Does R have function startswith or endswith like p

2019-01-11 15:43发布

问题:

Was looking for predictors whose name starts with some substring, could not find any similar function.

回答1:

As added to base in 3.3.0, startsWith (and endsWith) are exactly this.

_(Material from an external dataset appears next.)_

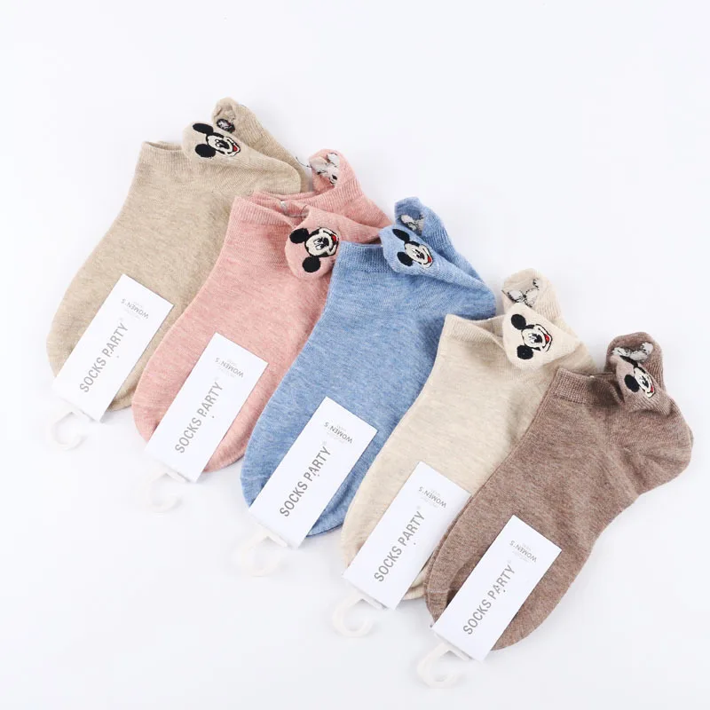5 парлот; Повседневные женские носки; Носки с изображением животных и Микки Мауса; Милые носки до щиколотки с вышивкой; Забавные носки для девочек; Хлопковые носки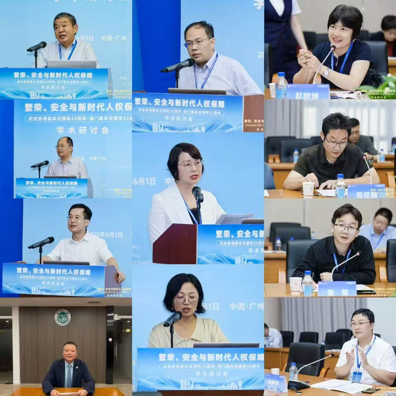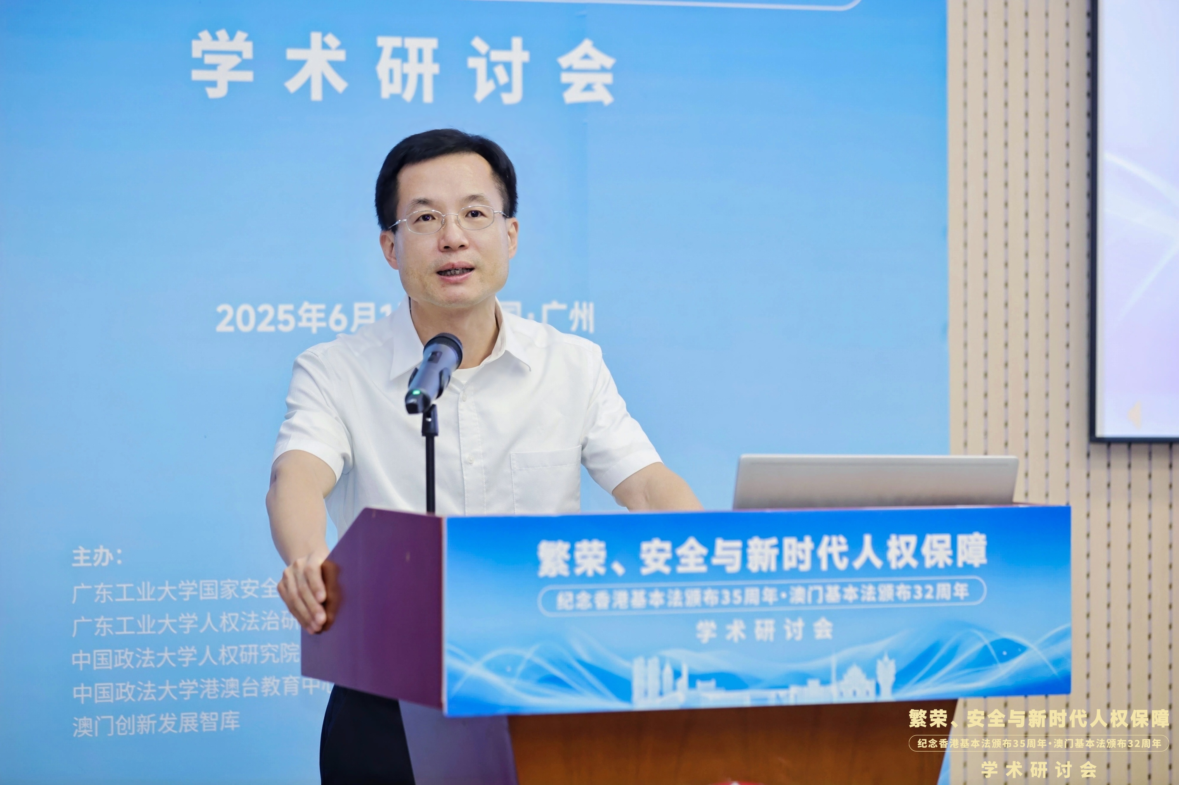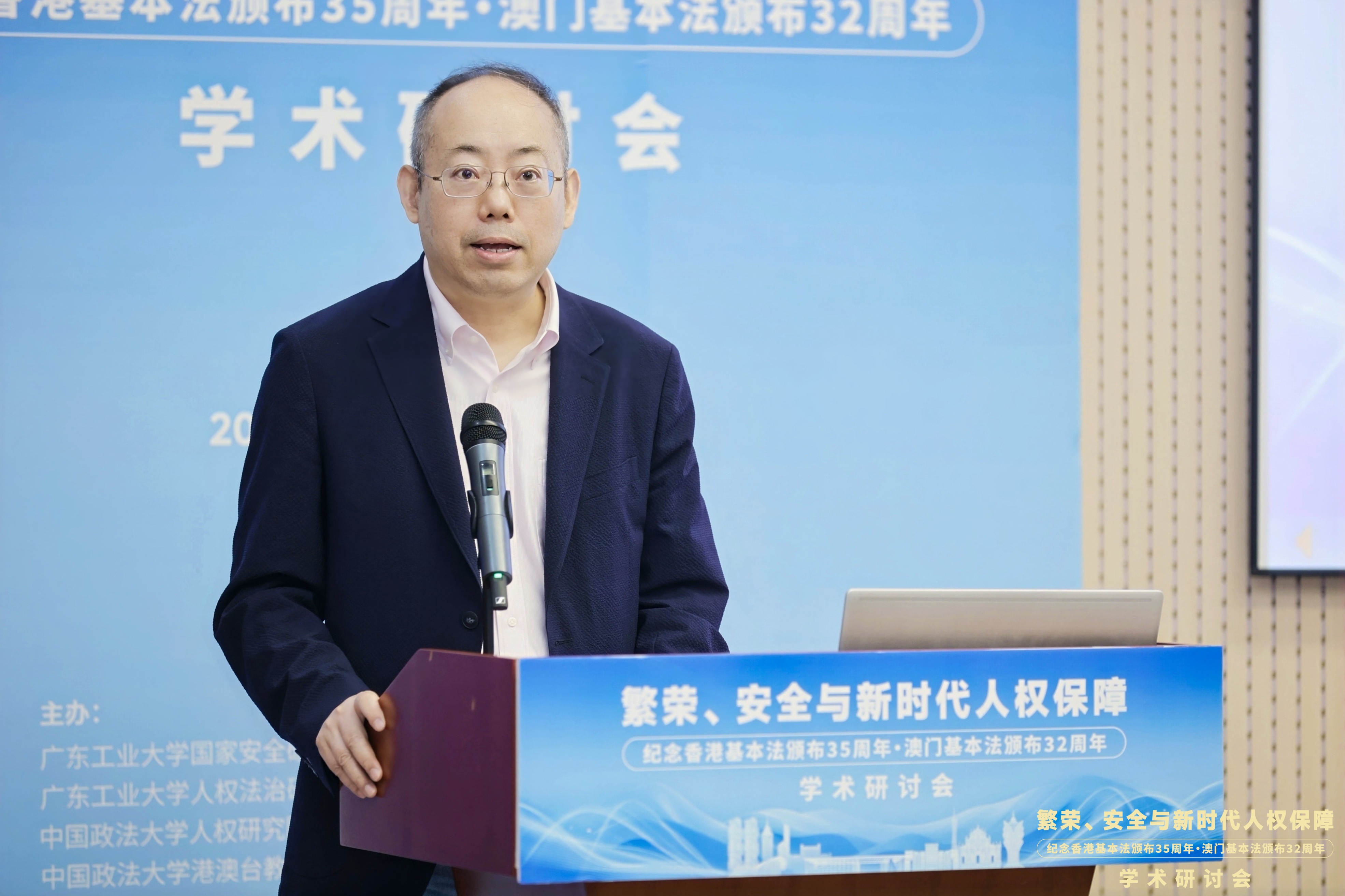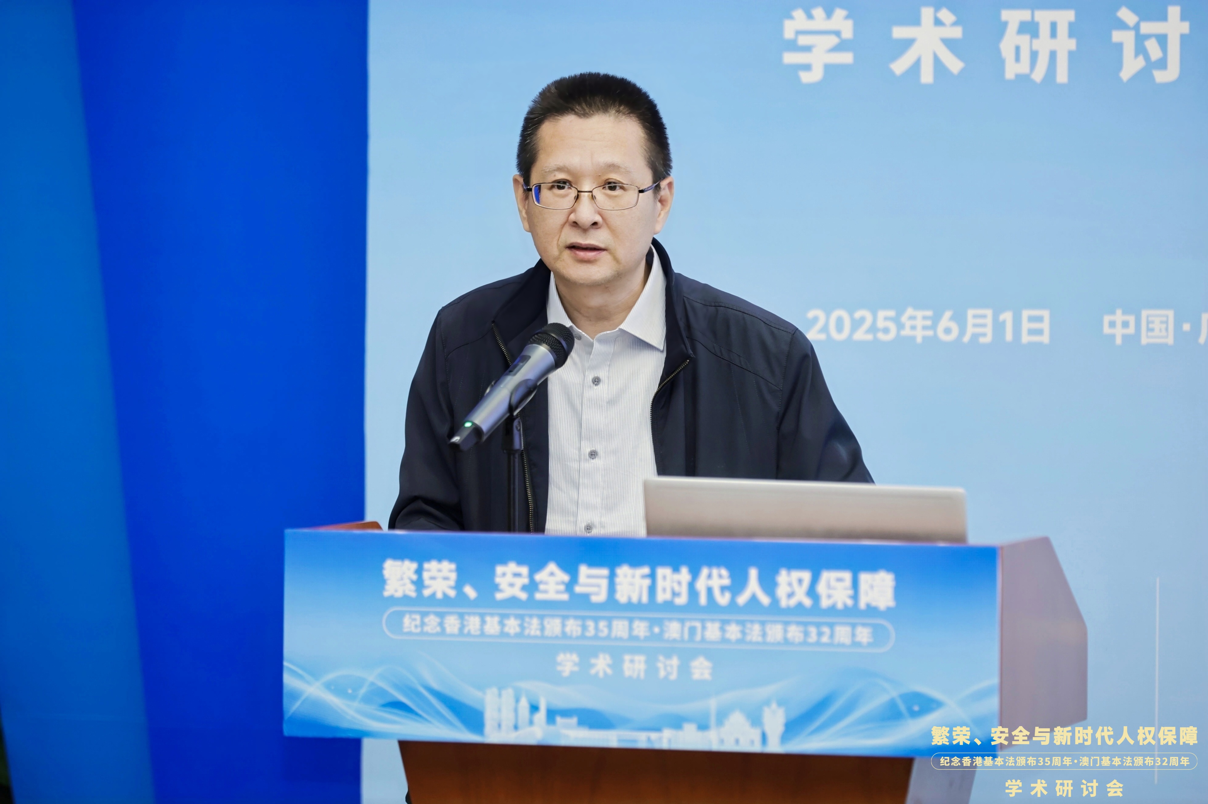 6月1日,“繁荣、安全与新时代人权保障——纪念香港基本法颁布35周年、澳门基本法颁布32周年学术研讨会”在广东广州隆重举行。此次研讨会由九游注册国家安全研究中心、九游注册人权法治研究中心、中国政法大学人权研究院(当代法治研究院)、中国政法大学港澳台教育中心以及澳门创新发展智库联合主办,由九游注册法学院承办。来自国防大学、中国人民大学、中国社会科学院、吉林大学、中南大学、北京理工大学、中央民族大学、中南财经政法大学、华东政法大学、西南政法大学、云南大学、昆明理工大学、贵州财经大学、香港大学、香港城市大学、澳门大学、澳门城市大学、华南理工大学、暨南大学、深圳大学、广东外语外贸大学、广东财经大学、广州大学、肇庆学院、濠江法律学社、香港政策研究所等内地及港澳知名高校、研究机构的超过80位专家学者齐聚一堂,围绕国家安全法治、人权保障实践、粤港澳大湾区区域协同治理等核心议题展开深入研讨。

> startsWith("what", "wha")
[1] TRUE
> startsWith("what", "ha")
[1] FALSE

https://stat.ethz.ch/R-manual/R-devel/library/base/html/startsWith.html



回答2:

Not inbuilt like that.

Options include grepl and substr.

x <- 'ABCDE'
grepl('^AB', x) # starts with AB?
grepl('DE$', x) # ends with DE?
substr(x, 1, 2) == 'AB'
substr('ABCDE', nchar(x)-1, nchar(x)) == 'DE'


回答3:

The dplyr package's select statement supports starts_with and ends_with. For example, this selects the columns of the iris data frame that start with Petal

library(dplyr)
select(iris, starts_with("Petal"))

select supports other subcommands too. Try ?select .



回答4:

The simplest way I can think of is to use the %like% operator:

library(data.table)

"foo" %like% "^f" 

evaluates as TRUE - Starting with f

"foo" %like% "o$" 

evaluates as TRUE - Ending with o

"bar" %like% "a"

evaluates as TRUE - Containing a



回答5:

Borrowing some code from the dplyr package [see this] you could do something like this:

starts_with <- function(vars, match, ignore.case = TRUE) {
  if (ignore.case) match <- tolower(match)
  n <- nchar(match)

  if (ignore.case) vars <- tolower(vars)
  substr(vars, 1, n) == match
}

ends_with <- function(vars, match, ignore.case = TRUE) {
  if (ignore.case) match <- tolower(match)
  n <- nchar(match)

  if (ignore.case) vars <- tolower(vars)
  length <- nchar(vars)

  substr(vars, pmax(1, length - n + 1), length) == match
}


回答6:

This is relatively simple by using the substring function:

> strings = c("abc", "bcd", "def", "ghi", "xyzzd", "a")
> str_to_find = "de"
> substring(strings, 1, nchar(str_to_find)) == str_to_find
[1] FALSE FALSE  TRUE FALSE FALSE FALSE

You cut each string to the desired length with substring. The length being the number of characters you are looking for at the beginning of each string.